### Supplied records:

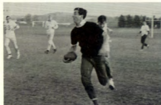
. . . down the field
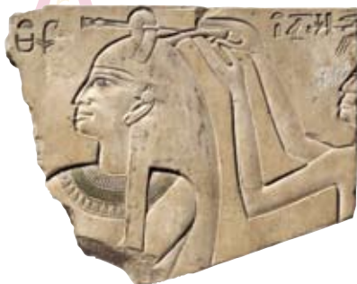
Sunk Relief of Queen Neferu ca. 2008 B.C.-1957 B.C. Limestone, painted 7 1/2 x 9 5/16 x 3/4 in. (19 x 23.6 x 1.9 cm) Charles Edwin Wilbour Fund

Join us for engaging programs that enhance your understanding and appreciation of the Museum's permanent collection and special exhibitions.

...

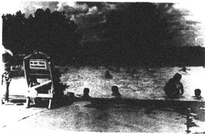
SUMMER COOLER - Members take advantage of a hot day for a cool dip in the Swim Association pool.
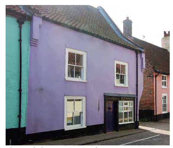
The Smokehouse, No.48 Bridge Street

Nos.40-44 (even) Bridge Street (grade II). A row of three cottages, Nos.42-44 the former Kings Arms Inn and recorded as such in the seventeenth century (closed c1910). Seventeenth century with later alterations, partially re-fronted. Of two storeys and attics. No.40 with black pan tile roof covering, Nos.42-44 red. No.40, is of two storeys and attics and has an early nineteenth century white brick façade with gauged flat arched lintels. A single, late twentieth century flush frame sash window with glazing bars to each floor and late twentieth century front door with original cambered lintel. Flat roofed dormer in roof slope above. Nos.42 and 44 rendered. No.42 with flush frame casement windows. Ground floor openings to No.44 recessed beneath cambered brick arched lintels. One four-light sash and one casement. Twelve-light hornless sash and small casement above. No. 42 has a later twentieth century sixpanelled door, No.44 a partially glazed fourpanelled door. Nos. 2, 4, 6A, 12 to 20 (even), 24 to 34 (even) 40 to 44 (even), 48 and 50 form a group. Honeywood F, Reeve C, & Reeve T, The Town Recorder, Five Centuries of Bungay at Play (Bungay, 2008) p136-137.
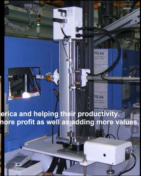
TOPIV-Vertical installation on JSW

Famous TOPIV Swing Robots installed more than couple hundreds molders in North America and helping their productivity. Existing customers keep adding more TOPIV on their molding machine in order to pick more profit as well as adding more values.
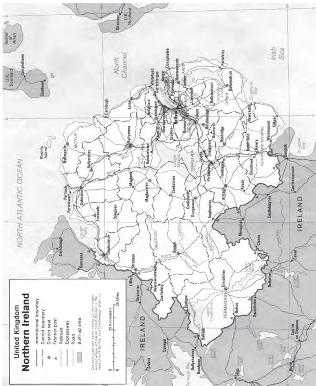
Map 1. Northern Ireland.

...

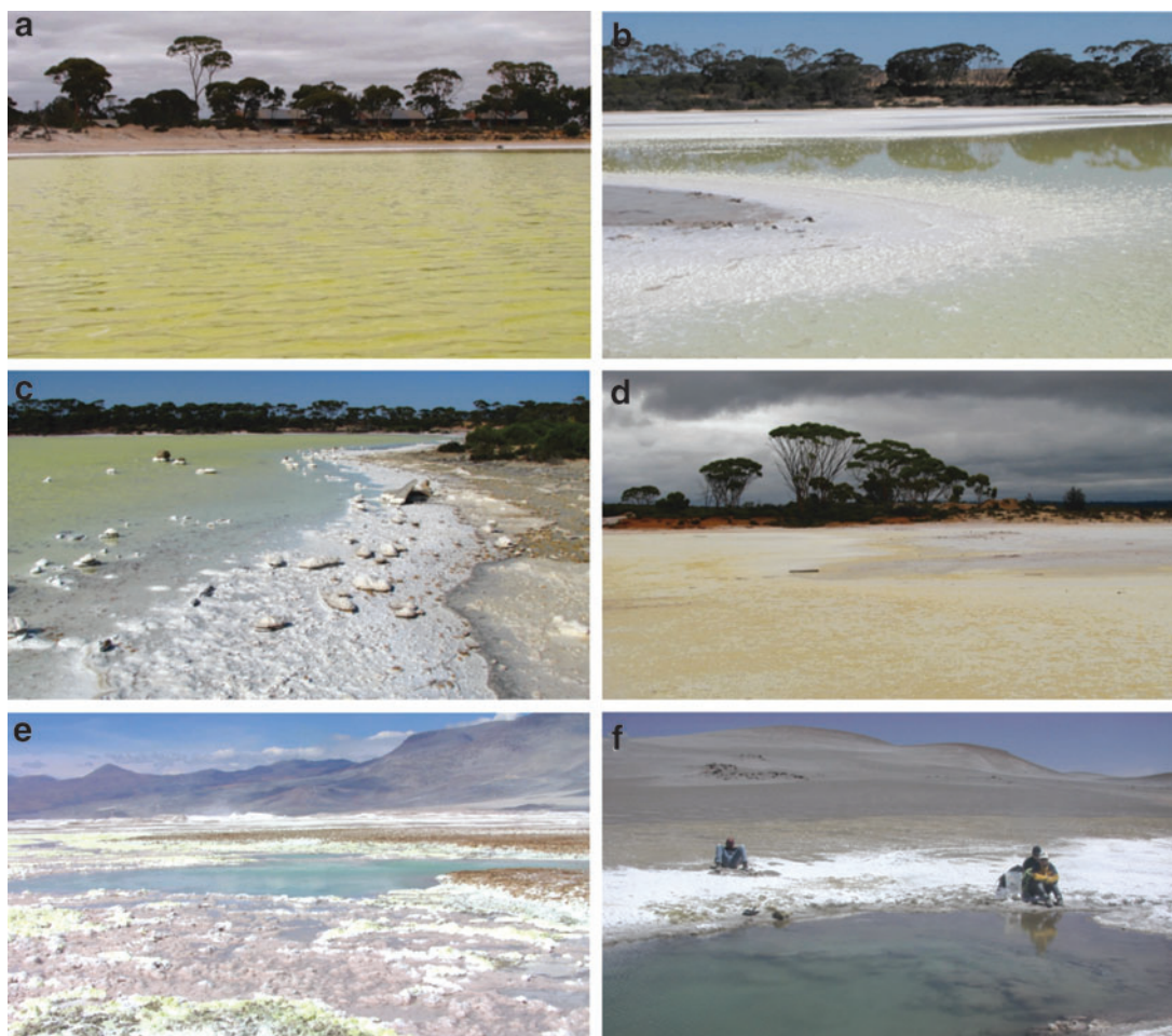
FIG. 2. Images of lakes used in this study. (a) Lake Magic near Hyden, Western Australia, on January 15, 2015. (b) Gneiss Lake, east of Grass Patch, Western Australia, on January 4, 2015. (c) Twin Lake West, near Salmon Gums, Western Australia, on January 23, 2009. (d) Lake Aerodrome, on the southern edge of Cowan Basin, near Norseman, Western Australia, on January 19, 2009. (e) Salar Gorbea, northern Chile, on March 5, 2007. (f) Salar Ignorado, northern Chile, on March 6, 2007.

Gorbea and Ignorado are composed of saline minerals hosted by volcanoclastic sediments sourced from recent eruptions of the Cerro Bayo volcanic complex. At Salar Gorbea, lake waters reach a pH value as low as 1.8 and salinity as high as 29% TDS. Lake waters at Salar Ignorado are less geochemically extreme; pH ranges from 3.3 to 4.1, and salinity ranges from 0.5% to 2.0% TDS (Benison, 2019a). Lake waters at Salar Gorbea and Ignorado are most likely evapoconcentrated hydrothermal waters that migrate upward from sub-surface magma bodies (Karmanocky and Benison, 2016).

### Exercise brief:
Extract each line from the entries above that contains the string "TOPIV".

### Exercise answer:
TOPIV-Vertical installation on JSW
Famous TOPIV Swing Robots installed more than couple hundreds molders in North America and helping their productivity. Existing customers keep adding more TOPIV on their molding machine in order to pick more profit as well as adding more values.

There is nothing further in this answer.